Have you ever wondered how trees transport water from the ground into their uppermost reaches? No, I never wondered that either. But the dude who makes the (almost always awesome) videos for the Veritasium YouTube channel had that question and took it seriously enough that he decided to learn the answer.  And the answer is fascinating.

I mean, not that I understand all of the answer, but the part I do understand is fascinating.

“Trees create immense negative pressures of 10′s of atmospheres by evaporating water from nanoscale pores, sucking water up 100m in a state where it should be boiling but can’t because the perfect xylem tubes contain no air bubbles, just so that most of it can evaporate in the process of absorbing a couple molecules of carbon dioxide.”

That was the Cliff Notes version. Here’s the whole thing. I’ll never think of trees the same way again.

(yes, lifted from TYWKIWDBI once again)

 

 

 

 

 

 

ITEM SIX

Well, I think we’ve had enough of the miracles of the natural world for one post, don’t you agree? Let’s turn to a completely meaningless form of man-made frivolity. Yes, I’m talking about the Aqua-Loop Water Slide at the Wild Coast Sun resort in South Africa.

Just watching this video puts my stomach up in my throat, but I would totally do this if I lived close to this resort.

Actually, I wouldn’t do this if I were being threatened with sharp knives pointed at both my kidneys. But as water-assisted forms of meaningless adreneline-fueled entertainment go, I do think it’s pretty metal.

 

 

 

 

 

 

 

ITEM SEVEN

Speaking of sharp knives, did you know that you can’t actually see the cutting edge of a sharp knife? You may think you can, but you can’t. That red blood cell up there is bigger than the edge of the knife it’s sitting on, and you can’t see a red blood cell with the naked eye either.

Okay, don’t take my word for it. Listen to Nikola Slavkovic:

(Thanks to Old Man Windbreaker for the tip on this one — pun intended.)

 

 

 

 

 

 

 

ITEM EIGHT

There’s some music in this next video, but it’s not metal music.

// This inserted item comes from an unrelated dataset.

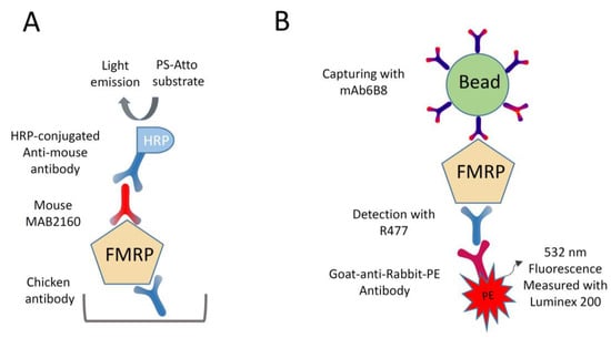 Capture immunoassays for Fragile X Mental Retardation Protein 1 (MRP) quantification. (A) Chemilunescent sandwich Enzyme-Linked ImmunoSorbent Assay (ELISA). FMRP was captured by the anti-FMRP chicken antibody and detected by the mouse monoclonal antibody MAB2160 (Table 1). After incubation with horseradish peroxidase-conjugated anti-mouse Ig (HRP), FMRP levels were assessed in a luminometer by measuring light emitted from the horseradish PS-Atto substrate; and (B) Luminex-based capture immunoassay. FMRP was captured by mAb6B8-coated beads and detected by the rabbit antibody R477. After incubation with a goat anti-rabbit Immunoglobulin G (IgG) conjugated to phycoerythrin (PE), FMRP levels were assessed with a Luminex 200 system by measuring PE fluorescence.

I can live with the music, because it enables 11-year-old Adilyn Malcolm to do something amazing, especially for an 11-year-old. The fact that she can do this is impressive enough to call it metal.

(More videos of her dancing are available here.)

 

 

 

 

 

 

ITEM NINE

Since we just witnessed the end of another year, it seems right to end this first THAT’S METAL! of the new year with a compilation of video clips from 2014 made by Luc Bergeron. There are excerpts from 233 memorable videos in this pulse-pounding six-minute montage (they’re all listed here), and the resulting compilation is a kick to watch. What did we do before the invention of the Go Pro camera?

The resolution is good enough that it’s worth watching this in full-screen mode.

As always, enjoy the rest of your fucking day.